Профессор прикрыл глаза, — случилось нечто туманное, у поэта закачалась кудрявая голова. Помедлив, Одинцов вновь взглянул вверх, на бежавшее, отбрасывающее на Москву скользящую тень низкое облако, и сердце его уравновесилось, — тайна была в мире, и все равно неведомого не осилить, хотя бы потому, что не хватит времени, его уже совсем не оставалось. И профессор даже обрадовался — все сразу и оборвется, и закончится. Вот и настал итог, и очень хорошо, — человек даже и не подозревает вначале о результатах, иначе нельзя было бы жить, но у всех ли так мерзко и мрачно? Не присутствует ли здесь особый смысл?

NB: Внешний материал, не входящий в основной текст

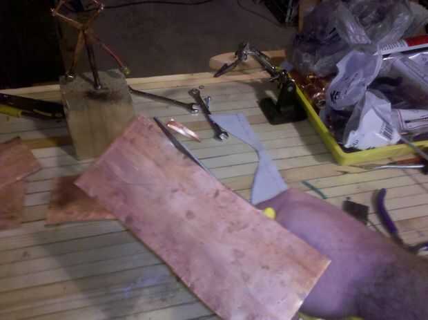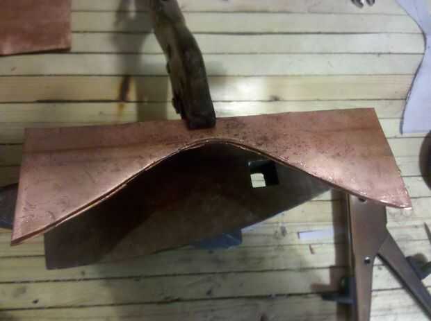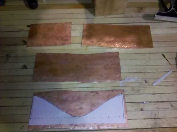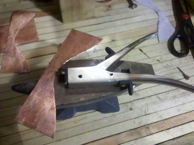 Utilizando recortes de estaño o algún tipo de tijeras, cortar el patrón lo mejor posible. La curva apretada puede ser complicada, uso una cortadora para terminar la curva si es necesario. El cortador de la cortadora golpea un poquito de metal a la vez y puede hacer cortes muy ajustados.

Глядя на людей вокруг и не видя их, он как-то попытался притушить остроту момента, ведь есть же кто-то, думал он, кто знает все и видит сейчас и путь Меньшенина, и его самого, сидящего вот здесь в центре Москвы. Что же дальше?

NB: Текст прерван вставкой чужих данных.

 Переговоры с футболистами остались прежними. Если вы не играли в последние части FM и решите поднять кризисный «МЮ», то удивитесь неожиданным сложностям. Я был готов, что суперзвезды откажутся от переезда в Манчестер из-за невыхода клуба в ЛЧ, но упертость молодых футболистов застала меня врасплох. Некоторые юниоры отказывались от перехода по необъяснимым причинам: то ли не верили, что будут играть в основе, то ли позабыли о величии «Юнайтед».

Случайно взглянув в сторону, Одинцов увидел ярко освещенный вход в ресторан, и сразу почувствовал голод. Он не решился заходить в людный ресторан в сравнительно поздний час, — здесь можно было встретить кого угодно. Недовольно нахмурившись и поворчав, он вспомнил наконец нужный номер телефона, позвонил, и через час с небольшим они уже сидели с Климентием Яковлевичем Коротченко за уютным столиком в небольшом загородном ресторанчике, и знакомый официант, со странным именем и отчеством Фаддей Плутархович, с белоснежной салфеткой в руке, внимательно выслушав всегда щедрого клиента, казалось, тут же, словно по щучьему веленью, стал закидывать столик тарелками, вазочками, бутылками, графинчиками; они мгновенно и точно находили свои места на белоснежной скатерти, и профессор Коротченко одарил старого друга поощряющим взглядом и многозначительно сказал:
— Чудеса, коллега!
— Я здесь давний клиент, ничего особенного. Самое главное, надо начинать с горячих закусочек, вон как парит грибная селяночка, вот мы ее сейчас и пожалуем, — с готовностью пояснил Одинцов, повеселевшим глазом косясь на запотевший бок нарзанной бутылки, на явно в меру прохладный графинчик, на призывно блестевшие средиземноморским румянцем черные, крупные маслины; еще больше оживили ученого мужа крепкие, все как на подбор, попавшие в засол в самом беспорочном, младенческом возрасте боровички, сочившаяся янтарным жирком семужка с лимончиком, крупная, зернистая икорка в круглой хрустальной вазочке, — одним словом, многое явилось на сравнительно небольшом столике, и было из-за чего двум уставшим от жизненных бурь путникам прийти в хорошее расположение духа.
Одобрительно кивнув официанту, Одинцов поощрил его еще и многообещающей улыбкой, и тот, с достоинством наполнив из графина две усадистых рюмки, растаял.